Karla is a recurring character in the works of John le Carré. A Soviet Intelligence officer, he is the head of the Thirteenth Directorate of Moscow Centre, le Carré's fictional version of the KGB, and the nemesis of le Carré's frequent protagonist George Smiley. Karla is nominally an unseen character who operates either through functionaries, hitmen, or by turning his enemies into double agents. Although other characters recount their past meetings with him, he only appears once during the events of the books. His real name is never revealed; instead, he takes his code name from that of the first spy network that he recruited.

Karla is the central antagonist in Tinker Tailor Soldier Spy, The Honourable Schoolboy, and Smiley's People, three novels which were later published as a single omnibus edition entitled Smiley Versus Karla or The Quest for Karla in the US.

In the BBC's television adaptations of both Tinker Tailor Soldier Spy and Smiley's People, Karla is played by British actor Patrick Stewart. Karla is only seen briefly in one scene in each production and does not speak.

Fictional biography

Much of Karla's history is unconfirmed rumour, passed by Smiley to his protégé Peter Guillam. Among the rumours are that his father was a professional intelligence officer, first for the Czarist Okhrana and later for the Bolshevist Cheka; that as a boy Karla worked as a kitchen boy on a train in occupied Siberia during the Russo-Japanese War of 19041905 (putting his birth somewhere in the late 19th century); and that he was trained in espionage by "Berg" (a possible reference to an alias used by Alexander Orlov), which Smiley compares to "being taught music by a great composer."[1]

The first recorded Karla activities came during the Spanish Civil War, when he entered Nationalist territory in Spain posing as a White Russian journalist (i.e., an anti-Communist Russian), and recruited a large number of German agents. The network was code-named "Karla", and the agent was later known only by that name. It was an outstanding achievement for such a young man and would become characteristic of Karla in the series.[1]

He next appeared during the German invasion of Russia, running networks of partisans behind German lines. He discovered that his radio operator was a double agent for the Germans and so fed him false information that confused the Germans.

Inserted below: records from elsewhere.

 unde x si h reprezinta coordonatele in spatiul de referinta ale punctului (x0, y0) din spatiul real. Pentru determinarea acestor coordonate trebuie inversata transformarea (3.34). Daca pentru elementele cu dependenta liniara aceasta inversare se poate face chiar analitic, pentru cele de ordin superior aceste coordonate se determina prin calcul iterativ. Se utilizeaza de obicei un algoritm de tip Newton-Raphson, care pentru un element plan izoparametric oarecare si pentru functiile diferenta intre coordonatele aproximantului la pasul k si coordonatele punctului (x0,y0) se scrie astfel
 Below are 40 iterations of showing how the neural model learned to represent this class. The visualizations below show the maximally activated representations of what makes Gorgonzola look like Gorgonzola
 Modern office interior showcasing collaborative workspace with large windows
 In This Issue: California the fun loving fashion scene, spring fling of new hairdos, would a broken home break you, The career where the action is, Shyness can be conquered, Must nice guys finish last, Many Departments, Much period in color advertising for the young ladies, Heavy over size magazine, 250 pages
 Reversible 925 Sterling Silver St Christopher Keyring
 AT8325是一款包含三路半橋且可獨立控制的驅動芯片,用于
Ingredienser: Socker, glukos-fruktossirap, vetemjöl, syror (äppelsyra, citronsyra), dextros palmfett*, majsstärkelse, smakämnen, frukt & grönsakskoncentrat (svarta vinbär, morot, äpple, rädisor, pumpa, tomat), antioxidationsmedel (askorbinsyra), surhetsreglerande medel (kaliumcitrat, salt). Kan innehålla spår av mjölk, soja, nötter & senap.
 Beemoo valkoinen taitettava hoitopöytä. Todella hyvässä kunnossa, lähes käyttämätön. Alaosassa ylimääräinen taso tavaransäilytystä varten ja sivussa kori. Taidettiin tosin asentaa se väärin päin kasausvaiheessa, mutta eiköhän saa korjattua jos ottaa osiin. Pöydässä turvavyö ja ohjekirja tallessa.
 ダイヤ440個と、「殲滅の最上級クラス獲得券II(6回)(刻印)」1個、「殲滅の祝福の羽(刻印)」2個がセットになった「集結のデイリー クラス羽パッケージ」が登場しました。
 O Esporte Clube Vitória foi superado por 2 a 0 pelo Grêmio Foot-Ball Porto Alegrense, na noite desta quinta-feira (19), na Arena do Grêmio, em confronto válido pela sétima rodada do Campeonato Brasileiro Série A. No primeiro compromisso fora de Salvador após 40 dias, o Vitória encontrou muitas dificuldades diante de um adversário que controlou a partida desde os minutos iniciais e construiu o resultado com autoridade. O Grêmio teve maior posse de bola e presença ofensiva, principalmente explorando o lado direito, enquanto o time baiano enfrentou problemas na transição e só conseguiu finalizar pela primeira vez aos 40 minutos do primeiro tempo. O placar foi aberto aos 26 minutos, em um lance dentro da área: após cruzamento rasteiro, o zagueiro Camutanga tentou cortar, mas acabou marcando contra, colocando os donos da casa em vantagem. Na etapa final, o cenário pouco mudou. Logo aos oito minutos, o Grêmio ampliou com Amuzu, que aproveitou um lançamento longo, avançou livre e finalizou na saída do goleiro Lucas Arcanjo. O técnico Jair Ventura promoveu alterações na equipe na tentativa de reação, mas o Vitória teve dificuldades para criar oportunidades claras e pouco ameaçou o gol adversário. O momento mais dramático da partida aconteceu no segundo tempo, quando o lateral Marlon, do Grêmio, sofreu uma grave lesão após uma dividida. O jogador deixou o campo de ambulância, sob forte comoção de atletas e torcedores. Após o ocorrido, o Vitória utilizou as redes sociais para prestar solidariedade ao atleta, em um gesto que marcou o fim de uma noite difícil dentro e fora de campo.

According to one legend, at "Yelnya", Karla caused the Germans to shell their own forward line (presumably a reference to either the Yelnya Offensive during the first Battle of Smolensk, or the second Battle of Smolensk).[1]

During his years as a field agent, Karla traveled in several countries, recruiting agents who would later become highly placed in their respective national regimes. He traveled to England in 1936 and 1941 and recruited Bill Haydon, code-named "Gerald", who eventually became the number-two man in the "Circus" (the British Secret Intelligence Service). At another time he recruited Nelson Ko, a high-ranking technocrat in the People's Republic of China (according to Connie Sachs, Karla was one of the few Soviets to predict the souring of Sino-Soviet relations).[1]

In 1948, Karla was snagged in one of Stalin's random purges of the Soviet military and intelligence organisations and sent to prison in Siberia. His wife, a student from Leningrad, killed herself. However, Karla served his time and returned to intelligence work; the experience did nothing to dull his devotion to the Communist cause.[1]

In 1951, while setting up a network in California under the name "Gerstmann," Karla was unexpectedly caught when his radio codes were broken. Though he escaped the United States, he was arrested in New Delhi on his way back to Moscow. Smiley attempted to use reason to get Karla to defect to the United Kingdom. Smiley felt that his case was ironclad: Karla's superiors at Moscow Centre were clearly looking to make him the scapegoat for the failure in California, and he was facing certain execution. Rather than giving in, Karla instead studied Smiley's words for signs of a hidden weakness, correctly deducing Smiley's insecurity regarding his unfaithful wife, Ann. Ultimately, Karla agreed to return to the Soviet Union, stealing Smiley's lighter (a gift from Ann) prior to departure. He returned to Moscow and somehow contrived to have his superiors dismissed and executed, with himself appointed in their place.[1]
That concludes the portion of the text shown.